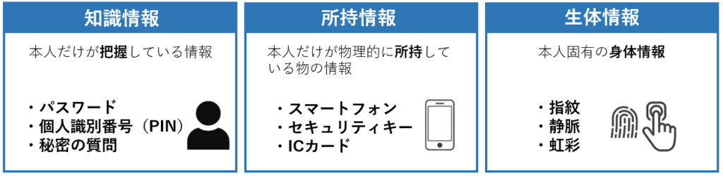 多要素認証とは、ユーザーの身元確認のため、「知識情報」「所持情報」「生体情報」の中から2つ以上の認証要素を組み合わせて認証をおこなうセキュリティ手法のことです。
--
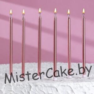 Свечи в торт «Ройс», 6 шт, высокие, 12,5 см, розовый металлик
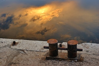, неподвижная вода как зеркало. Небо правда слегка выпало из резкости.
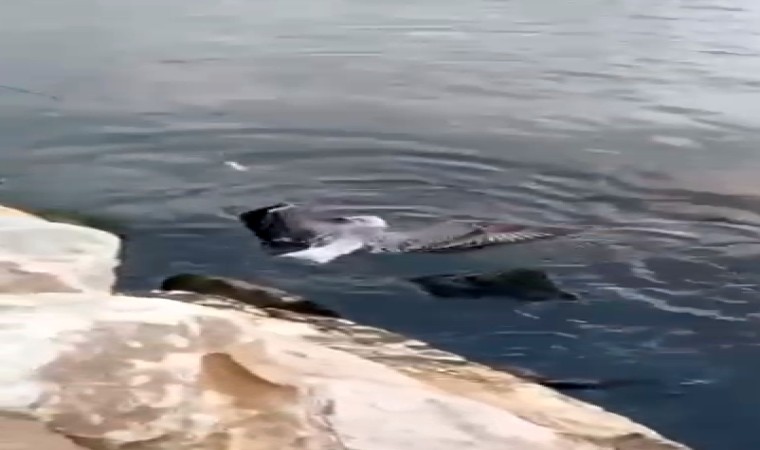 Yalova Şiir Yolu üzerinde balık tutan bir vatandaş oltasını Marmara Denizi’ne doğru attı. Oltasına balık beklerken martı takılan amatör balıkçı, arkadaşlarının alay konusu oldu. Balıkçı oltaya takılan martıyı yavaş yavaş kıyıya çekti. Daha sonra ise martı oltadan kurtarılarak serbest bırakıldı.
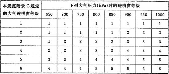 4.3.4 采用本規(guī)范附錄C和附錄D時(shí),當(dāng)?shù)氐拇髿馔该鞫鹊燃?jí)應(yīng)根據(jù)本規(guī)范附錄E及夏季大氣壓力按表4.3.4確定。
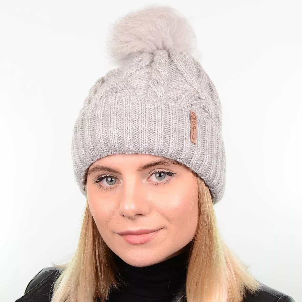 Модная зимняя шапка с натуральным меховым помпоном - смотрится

--- Task to complete ---
Return exactly the lines of the material above, starting at the line containing "Yalova Şiir Yolu" and finishing at the line containing "4.3.4 采用本規(guī", without any pictures.

--- Solution ---
 Yalova Şiir Yolu üzerinde balık tutan bir vatandaş oltasını Marmara Denizi’ne doğru attı. Oltasına balık beklerken martı takılan amatör balıkçı, arkadaşlarının alay konusu oldu. Balıkçı oltaya takılan martıyı yavaş yavaş kıyıya çekti. Daha sonra ise martı oltadan kurtarılarak serbest bırakıldı.
 4.3.4 采用本規(guī)范附錄C和附錄D時(shí),當(dāng)?shù)氐拇髿馔该鞫鹊燃?jí)應(yīng)根據(jù)本規(guī)范附錄E及夏季大氣壓力按表4.3.4確定。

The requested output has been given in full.